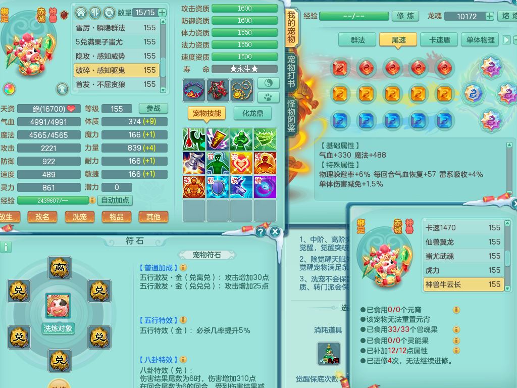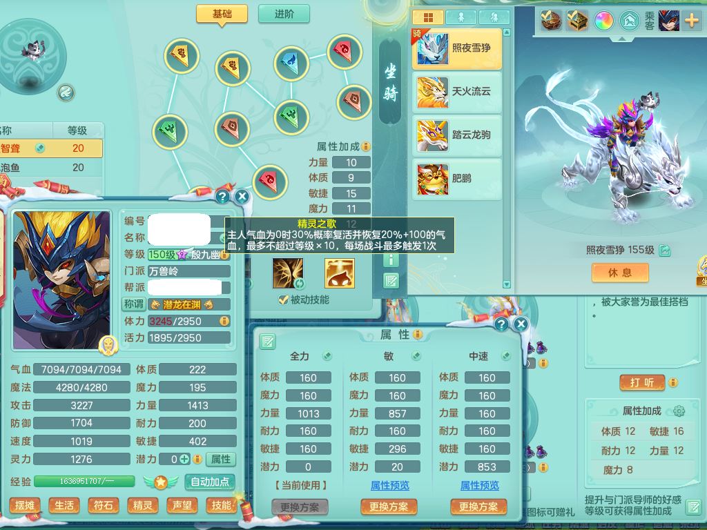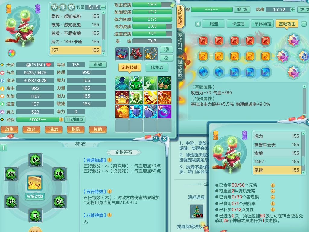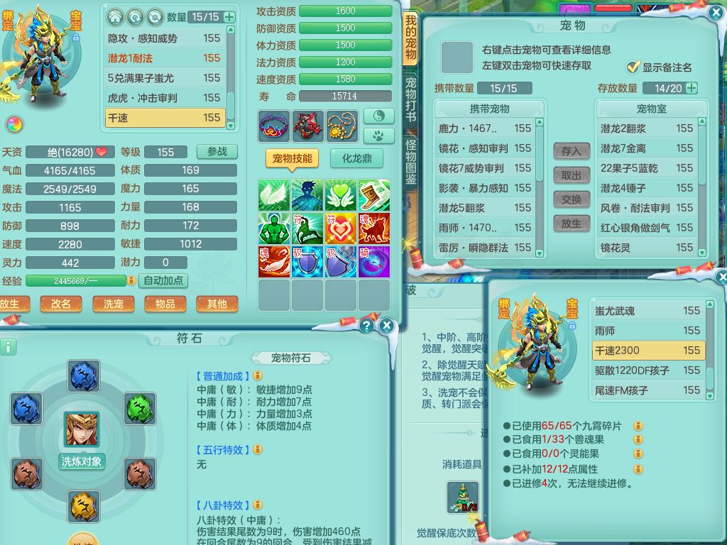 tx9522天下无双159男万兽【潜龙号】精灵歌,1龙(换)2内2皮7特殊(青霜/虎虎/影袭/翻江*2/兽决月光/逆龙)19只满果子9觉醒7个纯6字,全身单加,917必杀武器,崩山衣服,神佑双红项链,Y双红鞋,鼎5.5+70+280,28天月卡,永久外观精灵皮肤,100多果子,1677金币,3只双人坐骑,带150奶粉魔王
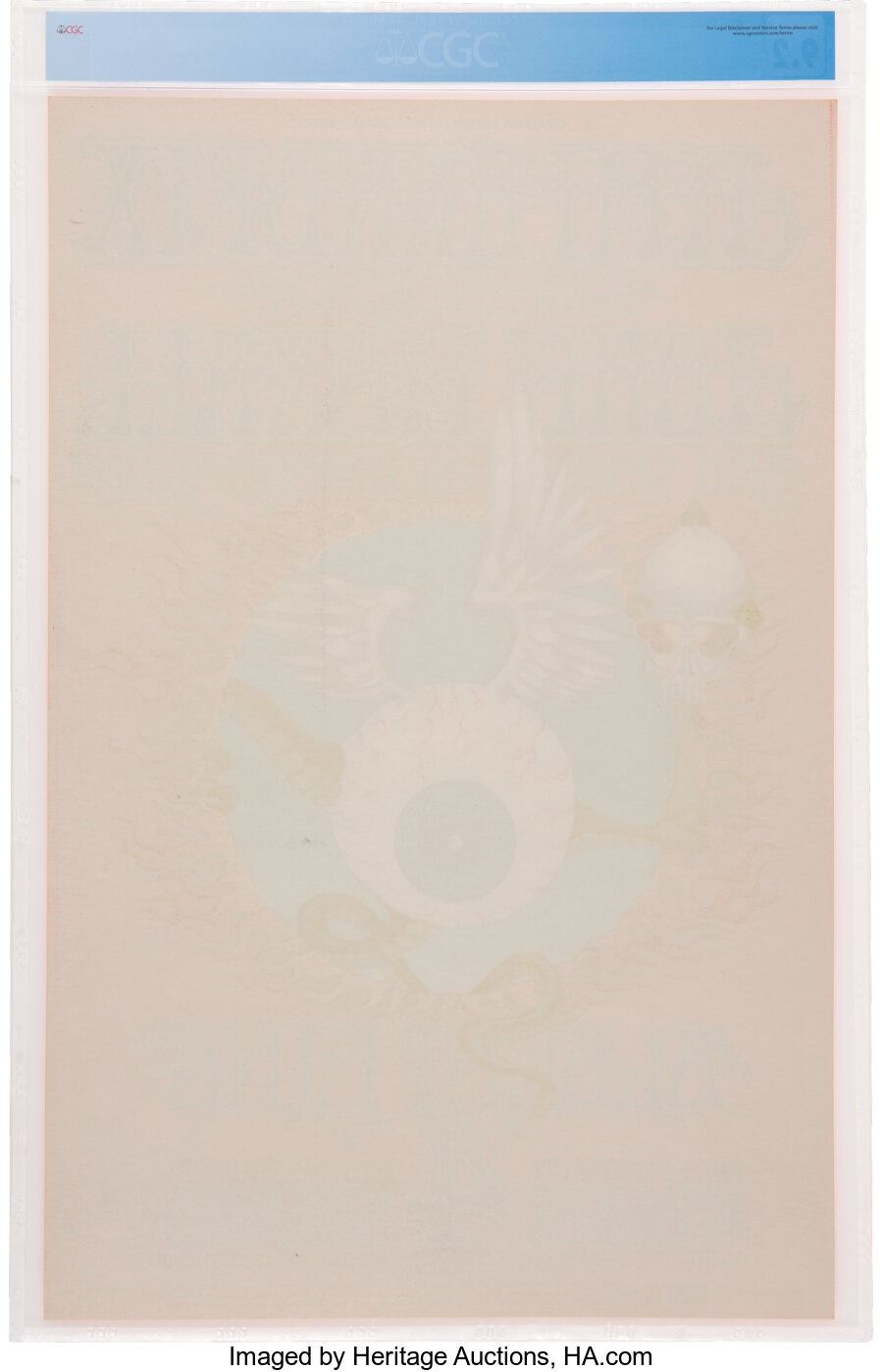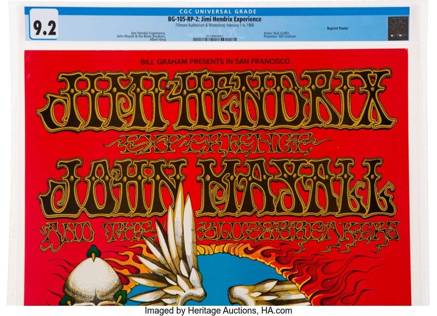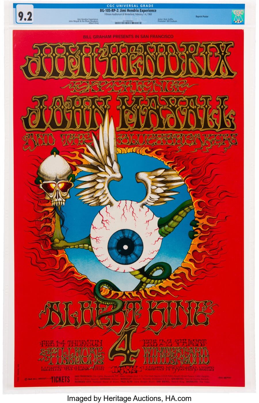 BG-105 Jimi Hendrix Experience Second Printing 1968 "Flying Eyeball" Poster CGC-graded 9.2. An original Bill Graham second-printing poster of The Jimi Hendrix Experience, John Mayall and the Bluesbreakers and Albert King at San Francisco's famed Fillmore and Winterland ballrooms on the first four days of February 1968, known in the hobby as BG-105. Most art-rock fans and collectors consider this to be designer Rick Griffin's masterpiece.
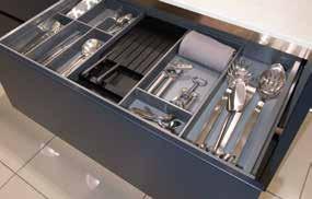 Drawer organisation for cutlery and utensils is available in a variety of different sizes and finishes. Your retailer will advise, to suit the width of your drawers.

▸ Work to be completed:
Recopy the whole listing above precisely, excluding images.

▸ Response area:
 tx9522天下无双159男万兽【潜龙号】精灵歌,1龙(换)2内2皮7特殊(青霜/虎虎/影袭/翻江*2/兽决月光/逆龙)19只满果子9觉醒7个纯6字,全身单加,917必杀武器,崩山衣服,神佑双红项链,Y双红鞋,鼎5.5+70+280,28天月卡,永久外观精灵皮肤,100多果子,1677金币,3只双人坐骑,带150奶粉魔王
 BG-105 Jimi Hendrix Experience Second Printing 1968 "Flying Eyeball" Poster CGC-graded 9.2. An original Bill Graham second-printing poster of The Jimi Hendrix Experience, John Mayall and the Bluesbreakers and Albert King at San Francisco's famed Fillmore and Winterland ballrooms on the first four days of February 1968, known in the hobby as BG-105. Most art-rock fans and collectors consider this to be designer Rick Griffin's masterpiece.
 Drawer organisation for cutlery and utensils is available in a variety of different sizes and finishes. Your retailer will advise, to suit the width of your drawers.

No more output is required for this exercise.